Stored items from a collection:
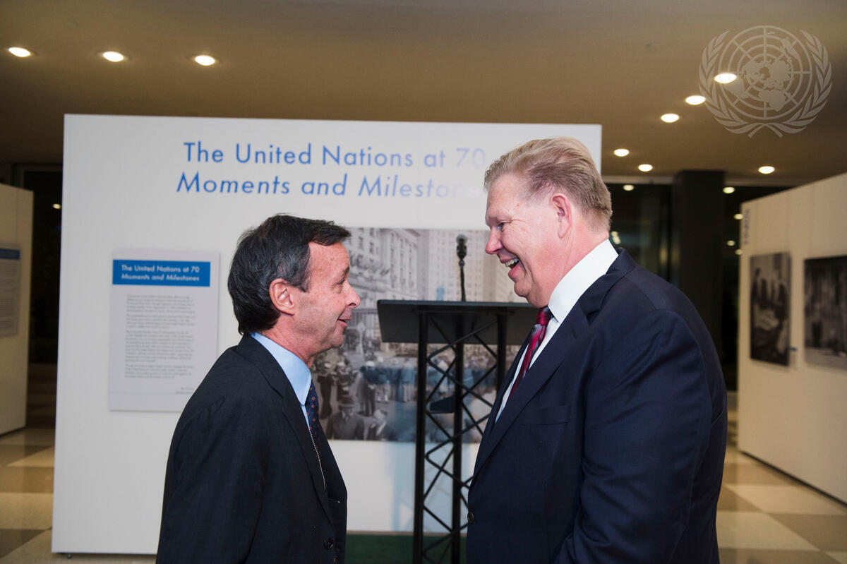 Sebastiano Cardi (left), Permanent Representative of Italy to the UN, with Kelvin Miller, Corporate Vice-President of Lifetouch, at the opening of two photo exhibits --“The United Nations at 70: Moments and Milestones” and “UN Headquarters: A Workshop for Peace”. The exhibits feature a selection of iconic images and historical documents showcasing key moments from 70 years of United Nations history, as well as an overview of the planning and building of UN Headquarters and photos of the recently renovated compound. The event was organized by the Department of Public Information (DPI) and UN Archives in collaboration with the International Photographic Council (IPC), Lifetouch and the Permanent Mission of Italy.
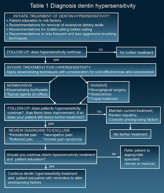 Dentin hypersensitivity treatment at home. Treatment of dentin hypersensitivity. These may promote the loss of enamel. Patient may try to treat mild hypersensitivity at home.
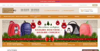 Купить сумку Вы можете не отрываясь от рабочего места, в любое удобное время и без привязки к региону. Ведь у нас предусмотрена удобная и быстрая доставка по Украине. Для Вас мы отобрали лучшие модели сумок как из натуральных, так и синтетических материалов с отличным качеством и стильным модным дизайном.
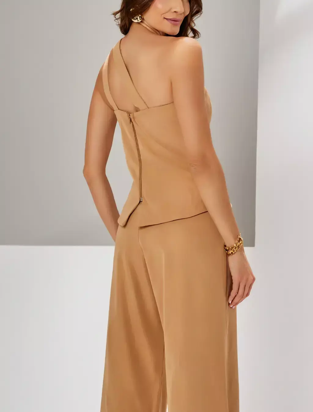 A Calça Julia é confeccionada em tecido plano com corte de alfaiataria moderna, unindo elegância e conforto em uma modelagem impecável. O recorte frontal com fenda estratégica adiciona movimento e um toque contemporâneo à peça, enquanto o fechamento frontal com zíper e colchete garante praticidade e acabamento refinado. Ideal para composições sofisticadas que transitam do dia à noite com estilo.
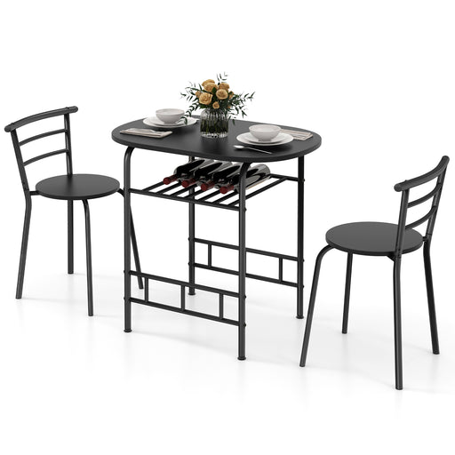 View full detailsDining Table Set, 3-Piece - Black Metal Frame with Additional Wine Rack - Ideal for Small Spaces and Wine Lovers
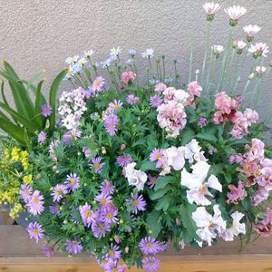 昨日は寒風の中、 鼻水すすりながら待機苗の解消を。 白地にピンクやブルーが差すお花を 集めてみました。 フルール フェデネージュ ルミエール アイクルール 異なる大きさや形のお花を 色で繋げる寄せ植えが好きです。

- Task objective -
Could you repeat exactly the lines from the one containing "A Calça Julia" to the last line of the records, both included, and leave out every picture?

- Your response -
 A Calça Julia é confeccionada em tecido plano com corte de alfaiataria moderna, unindo elegância e conforto em uma modelagem impecável. O recorte frontal com fenda estratégica adiciona movimento e um toque contemporâneo à peça, enquanto o fechamento frontal com zíper e colchete garante praticidade e acabamento refinado. Ideal para composições sofisticadas que transitam do dia à noite com estilo.
 View full detailsDining Table Set, 3-Piece - Black Metal Frame with Additional Wine Rack - Ideal for Small Spaces and Wine Lovers
 昨日は寒風の中、 鼻水すすりながら待機苗の解消を。 白地にピンクやブルーが差すお花を 集めてみました。 フルール フェデネージュ ルミエール アイクルール 異なる大きさや形のお花を 色で繋げる寄せ植えが好きです。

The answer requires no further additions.